Generally, motorcycle buyers borrow a motorcycle loan to fund their purchase. If their financial position is strong, they would have no problem in securing a loan. But a person going through hard times financially, may find it difficult to get a willing lender. He would have defaulted on other installment payments which would have affected his credit score adversely. So the loan, if granted, would be a bad credit motorcycle loan – a risky proposition for lenders.
Those who are willing to lend such loans, try to protect themselves from the risk of loss caused by default, by charging heavy interest rates, limiting the loan tenure or charging exorbitant fees. The lender could be a bank, a credit union or an online lender.
Some banks do grant bad credit motorcycle loan requests at a reasonable rate of interest.

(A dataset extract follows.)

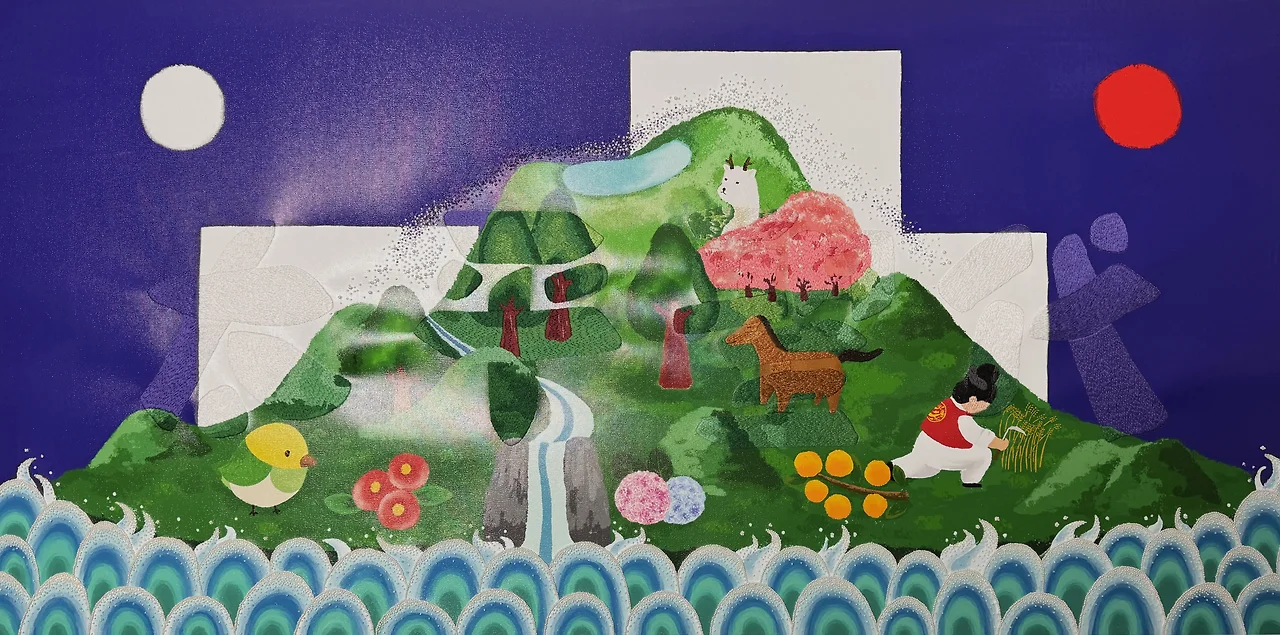 조선시대 왕의 등 뒤를 묵묵히 지키던 일월오봉도의 틀을 빌려왔다. 왕의 권위를 상징하던 그림은, 이제 내가 발 딛고 사는 제주 도민들의 평온한 삶을 기원하는 풍경으로 자리를 바꾼다.

The loan applicant is thrilled that he has not been penalized for his bad credit. He does not notice the fine print and immediately takes the loan. What he would not know is that the bank has not charged a very high rate of interest because it has charged a very high loan processing fee. This brings us to the matter of discussion – What is the maximum fee that a bank can charge? That depends on the state in which the bank lies and the rules applicable in that state. To protect borrowers, governments generally fix a percentage limit of the loan beyond which a bank cannot charge loan fees.
A person borrowing a bad credit motorcycle loan needs to check the loan processing fee charged by the bank. A high fee and a low interest rate are not necessarily beneficial to the borrower and he needs to do appropriate calculations to see if the loan is feasible.